## Work request
Give again, unaltered, the lines of the listing below that run from the line having "Il s’agit d’un" through the line having "交易策略:在3380.00之上看涨,目标3450.00         3530.00".

## Exercise data

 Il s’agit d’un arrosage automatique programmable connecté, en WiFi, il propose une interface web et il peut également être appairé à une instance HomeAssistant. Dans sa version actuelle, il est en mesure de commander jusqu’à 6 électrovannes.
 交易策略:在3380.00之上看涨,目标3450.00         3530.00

---

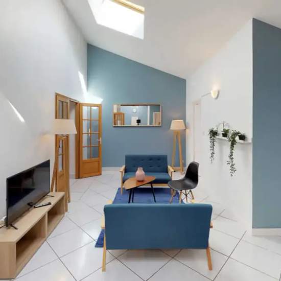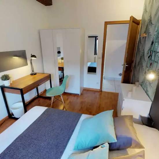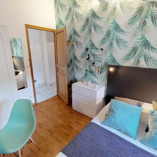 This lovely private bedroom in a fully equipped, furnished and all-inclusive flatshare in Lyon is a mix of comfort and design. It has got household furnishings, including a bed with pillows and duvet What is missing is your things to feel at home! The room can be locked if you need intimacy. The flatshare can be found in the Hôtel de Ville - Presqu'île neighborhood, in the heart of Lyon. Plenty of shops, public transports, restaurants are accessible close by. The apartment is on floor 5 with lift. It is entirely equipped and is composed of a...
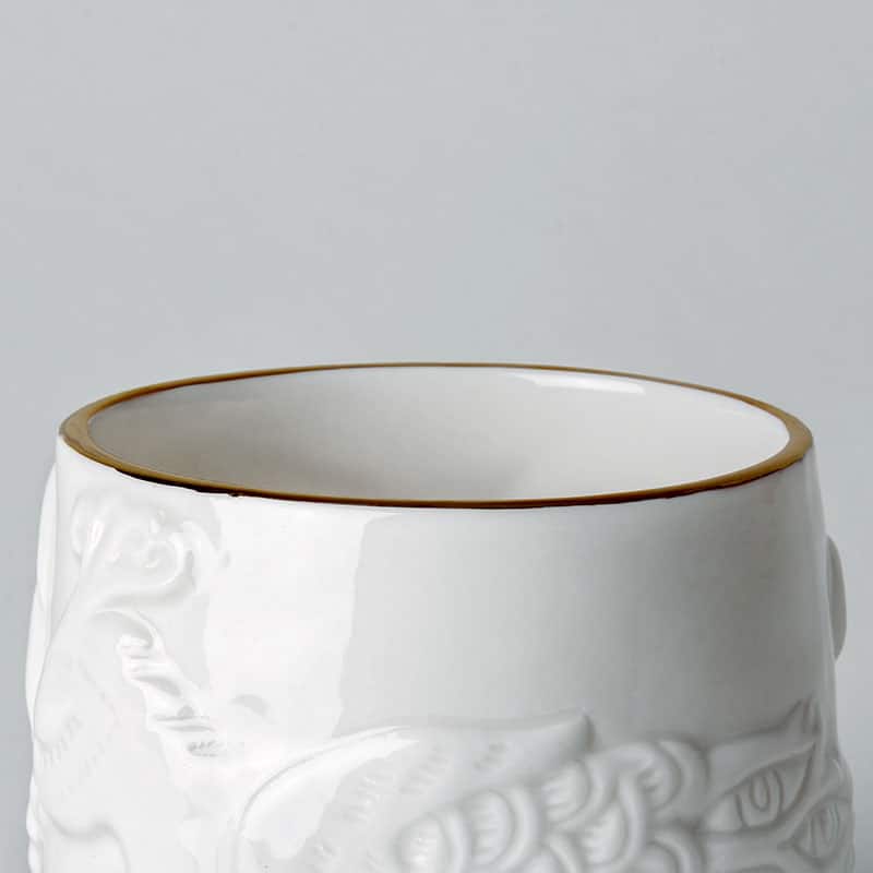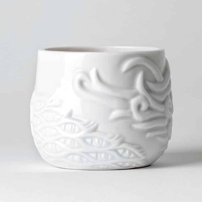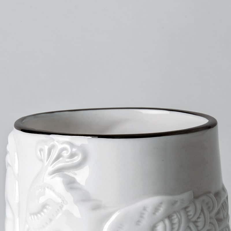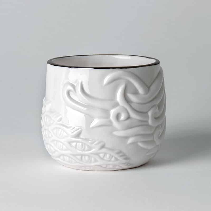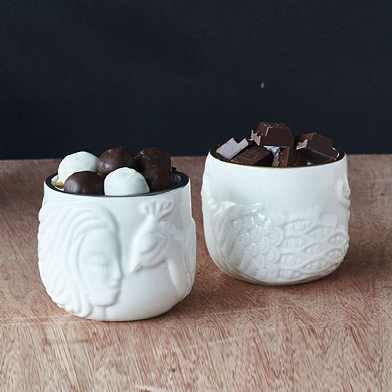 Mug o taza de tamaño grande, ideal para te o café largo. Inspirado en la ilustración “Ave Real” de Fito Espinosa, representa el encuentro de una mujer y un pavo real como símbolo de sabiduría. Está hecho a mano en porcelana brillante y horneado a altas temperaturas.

## Solution to the exercise
 Il s’agit d’un arrosage automatique programmable connecté, en WiFi, il propose une interface web et il peut également être appairé à une instance HomeAssistant. Dans sa version actuelle, il est en mesure de commander jusqu’à 6 électrovannes.
 交易策略:在3380.00之上看涨,目标3450.00         3530.00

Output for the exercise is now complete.